County of Wayne v. Hathcock

Supreme Court of Michigan, 2004

Facts:

Citizens were concerned about the noise a new airport would generate. To ease these concerns, plaintiff county agreed to buy the surrounding land. It was required to put the land to a productive use however, and so the county proposed buying much more land and converting it into a "technology park". The nineteen defendants refused to sell their land, so the county initiated action to condemn the parcels, which defendants challenge the constitutionality of.

Procedural History:

  • Trial court held that the county's project sered a public purpose.

  • Court of appeals affirmed.

Issue:

Is starting a technology park a public use?

Rule:

Page 898For the condemned property to be a public use, it must either:

  1. Involve extreme public necessity that only the government can effect,
  2. Be transferred to a private entity still accountable to the public in its use of the property, or
  3. Be selected based on public concern, not based on the subsequent use of the land.

Reasoning:

  • The country contains many office parks formed without government intervention. Therefore forming this one does not require the exercise of eminent domain.

  • Plaintiff intends the businesses purchasing the defendants' properties to pursue their own financial benefit, not the public's. No mechanism even exists to ensure that a business did so anyway.

  • Nothing about condemning defendants' properties serves the public good. The only benefits proposed arise after being acquired by the county.
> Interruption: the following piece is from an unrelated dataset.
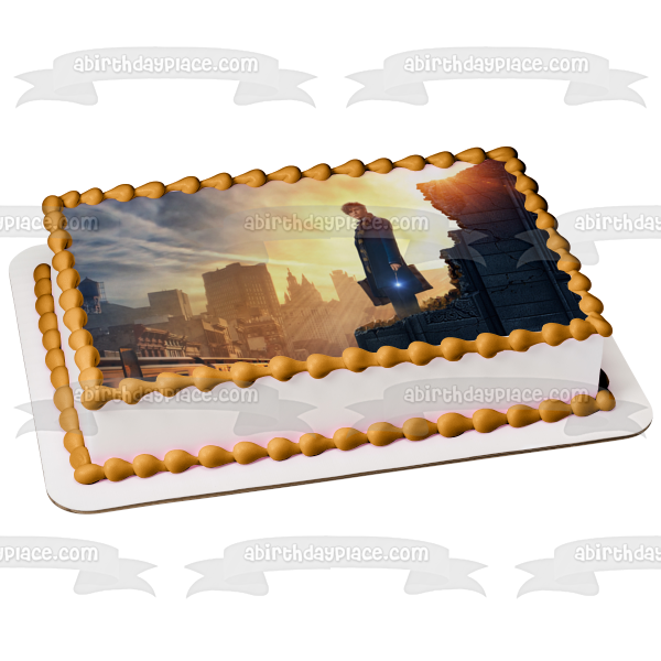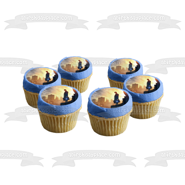 Celebrate your special occasion with this Fantastic Beasts and Where to Find Them themed Edible Cake Topper Image featuring Newt Scamander in the city at sunset!

  • While the Michigan Constitution allows transferring property to private individuals, it does not allow it for the property to be used privately. As this would be understood to not be a public use, the condemnations proposed are unconstitutional. Classifying business with an economic benefit as a public use would justify the exercise of eminent domain in any case, as every business has some economic benefit. Every land right would be threatened by the expansion of any large retailer who would put one's land to more benefit that he would.

Holding:

No, private businesses' use is not a public use. Reversed.